Я вышел вслед за солдатами и не видал, как одному из них удалось выделиться из общего грохотанья сапогами, остаться вместе с Зинаидой Ивановной.

Спустился по лесенке на бетонку, стал расхаживать. Вокруг быстро опустело, остался только наш ТУ-104. Я смотрел на него, но не мог думать о нем как о работающей машине. Самолет был совершенен, прекрасен и как бы жил отдельно, не зависел от щербатых бетонных плит, от курящихся фургонов — жилья людей, от не дотянувшейся до фюзеляжа лестнички на колесиках. Самолет был похож на царя-лосося, будто невиданная серебряная рыба зашла из мировых океанов в мелкое устьице нерестовой речки.

Сразу за кромкой взлетной полосы начинался снег, розовый на вечернем солнце. Незапятнанный, снег уходил на все стороны горизонта. Было так тихо, словно вся тишина сибирских пространств накатила и огрузла здесь. Я видел Сибирь сверху, а теперь чувствовал ухом ее тугую тишину. Я думал, что никогда уже больше не буду пить водку и терять дни в тоске по несовершённому. Потому что нет лучше моей работы, моего севера, востока, моего юга, моей Сибири. Ведь можно летать или ходить по Земле, по стране, по планете... Самолеты устанут, утихнут, — и вдруг запахнет мартовским снегом.

Когда я вернулся в самолет, солдат и Зинаида Ивановна сидели на крайних креслах в углу.
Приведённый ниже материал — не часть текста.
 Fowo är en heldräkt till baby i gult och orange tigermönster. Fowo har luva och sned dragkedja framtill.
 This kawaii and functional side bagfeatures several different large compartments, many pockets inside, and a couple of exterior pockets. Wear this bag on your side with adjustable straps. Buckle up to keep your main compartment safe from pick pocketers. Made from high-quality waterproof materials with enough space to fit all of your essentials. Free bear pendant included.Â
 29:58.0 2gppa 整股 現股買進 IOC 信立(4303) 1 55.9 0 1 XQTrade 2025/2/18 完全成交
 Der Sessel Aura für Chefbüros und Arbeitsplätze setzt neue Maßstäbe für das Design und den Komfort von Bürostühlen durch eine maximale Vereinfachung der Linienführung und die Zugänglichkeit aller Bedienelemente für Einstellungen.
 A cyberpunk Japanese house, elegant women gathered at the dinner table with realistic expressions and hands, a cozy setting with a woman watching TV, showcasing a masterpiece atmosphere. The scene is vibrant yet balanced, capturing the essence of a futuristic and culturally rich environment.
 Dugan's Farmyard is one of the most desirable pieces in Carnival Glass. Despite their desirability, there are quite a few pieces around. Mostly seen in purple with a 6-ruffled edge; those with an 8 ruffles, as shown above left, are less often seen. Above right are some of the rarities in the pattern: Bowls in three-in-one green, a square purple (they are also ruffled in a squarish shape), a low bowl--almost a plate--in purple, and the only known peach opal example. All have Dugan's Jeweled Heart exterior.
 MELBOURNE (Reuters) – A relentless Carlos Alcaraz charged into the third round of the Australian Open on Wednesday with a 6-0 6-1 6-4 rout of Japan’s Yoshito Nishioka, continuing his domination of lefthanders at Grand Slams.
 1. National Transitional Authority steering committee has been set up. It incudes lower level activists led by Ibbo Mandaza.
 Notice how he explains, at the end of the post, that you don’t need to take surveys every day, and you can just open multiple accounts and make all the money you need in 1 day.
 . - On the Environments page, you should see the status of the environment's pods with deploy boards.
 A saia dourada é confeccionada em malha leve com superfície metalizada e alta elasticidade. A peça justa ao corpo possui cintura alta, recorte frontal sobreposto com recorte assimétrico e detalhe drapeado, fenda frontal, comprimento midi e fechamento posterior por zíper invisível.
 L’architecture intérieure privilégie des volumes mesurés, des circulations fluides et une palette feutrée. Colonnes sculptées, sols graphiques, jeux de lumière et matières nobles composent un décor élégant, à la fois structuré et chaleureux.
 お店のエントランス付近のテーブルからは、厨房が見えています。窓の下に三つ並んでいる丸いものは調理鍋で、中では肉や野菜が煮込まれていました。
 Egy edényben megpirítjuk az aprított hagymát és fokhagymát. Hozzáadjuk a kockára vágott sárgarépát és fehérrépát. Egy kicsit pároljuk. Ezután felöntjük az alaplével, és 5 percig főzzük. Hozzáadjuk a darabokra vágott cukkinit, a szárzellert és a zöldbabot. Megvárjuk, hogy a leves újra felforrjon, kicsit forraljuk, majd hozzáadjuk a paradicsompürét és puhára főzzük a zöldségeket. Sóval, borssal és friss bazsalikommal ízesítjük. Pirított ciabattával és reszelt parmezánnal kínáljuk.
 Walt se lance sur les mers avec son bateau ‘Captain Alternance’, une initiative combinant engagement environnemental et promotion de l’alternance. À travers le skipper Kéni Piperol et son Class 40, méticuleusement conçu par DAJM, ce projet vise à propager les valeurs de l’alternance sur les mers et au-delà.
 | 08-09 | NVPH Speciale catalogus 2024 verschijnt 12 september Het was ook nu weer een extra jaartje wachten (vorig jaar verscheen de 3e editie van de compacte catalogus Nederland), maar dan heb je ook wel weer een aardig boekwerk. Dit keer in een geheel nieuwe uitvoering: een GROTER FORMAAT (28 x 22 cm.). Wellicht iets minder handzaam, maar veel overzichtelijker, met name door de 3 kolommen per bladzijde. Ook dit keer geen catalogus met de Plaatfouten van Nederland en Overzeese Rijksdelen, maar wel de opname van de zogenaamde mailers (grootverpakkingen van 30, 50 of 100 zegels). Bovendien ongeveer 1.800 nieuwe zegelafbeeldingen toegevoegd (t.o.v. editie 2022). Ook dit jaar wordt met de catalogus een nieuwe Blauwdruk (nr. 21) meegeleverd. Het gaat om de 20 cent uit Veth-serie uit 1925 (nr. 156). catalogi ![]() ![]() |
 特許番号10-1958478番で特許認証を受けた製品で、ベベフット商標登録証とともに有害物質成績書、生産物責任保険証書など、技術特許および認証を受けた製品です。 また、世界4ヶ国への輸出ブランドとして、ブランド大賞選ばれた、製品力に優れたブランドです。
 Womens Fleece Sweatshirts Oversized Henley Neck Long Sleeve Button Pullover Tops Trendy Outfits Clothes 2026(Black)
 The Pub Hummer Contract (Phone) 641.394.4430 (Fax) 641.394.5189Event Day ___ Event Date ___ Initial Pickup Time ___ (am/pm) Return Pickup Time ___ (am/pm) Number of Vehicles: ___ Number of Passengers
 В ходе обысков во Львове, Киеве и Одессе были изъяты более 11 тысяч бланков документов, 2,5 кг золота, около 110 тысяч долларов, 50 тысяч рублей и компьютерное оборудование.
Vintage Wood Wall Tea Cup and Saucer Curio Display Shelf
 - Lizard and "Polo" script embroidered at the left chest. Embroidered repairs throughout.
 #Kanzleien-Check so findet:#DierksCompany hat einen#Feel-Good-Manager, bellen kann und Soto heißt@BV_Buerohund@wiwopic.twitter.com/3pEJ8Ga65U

Я сел не очень близко от них, чтобы не помешать, но, в общем, не так уж и далеко. Они замолчали, потом привыкли ко мне. Заговорил солдат, видать, фразу он начал до моего прихода:

— Ну, конечно, колеблешься: прыгать — не прыгать. Стоишь с парашютом, желтая лампочка зажигается: приготовиться! Зеленая — прыгать! Сгруппируешься весь около дверей. Боже мой. Летишь — только земля и небо. Небо синее, а земля черная.

Зинаида Ивановна прошептала, будто вздохнула, горестно, но в то же время и похвалилась:

— Я третий год летаю.

— Вам хорошо, пока одна. Ведь жизнь не гарантирована, а если у вас будут дети? — В голосе, в словах солдата, кроме участия и высшего, мужского, военного знания, был еще как бы особый, помимо всех слов, важный вопрос.

— Тогда я уже не буду летать, — сказала Зинаида Ивановна как о давно решенном, завтрашнем деле.

Солдата будто насторожил такой ее ответ. Он помолчал. Но потерять простоту этой ночи в тихом самолете, эту доверившуюся ему добрую девушку, вдруг слетевшую с неба, он не мог.

— Боже мой, — сказал солдат, — знаете, что такое военная служба? Уже три года... Это так только в кино ее изображают красочно. Я гражданку совсем не знаю. Домой возвращаться не буду. Что это — с родителями жить? Новое всё надо начинать.

«Новое начинать»... Я не стал дальше слушать солдата и стюардессу. Я сказал себе: «Надо новое начинать!» И вдруг обрадовался, как возможности любимой работы, как свободной от денежных забот осени.

Я не написал еще ничего о солдате, о моем собрате по самолету. Он служит три года в Сибири. Ему плохо без девушки. Ему славно в хозяйском владении своей судьбой. Как он добудет себе счастье?

Я не написал о дальневосточниках: о помбурах, о тралмастерах.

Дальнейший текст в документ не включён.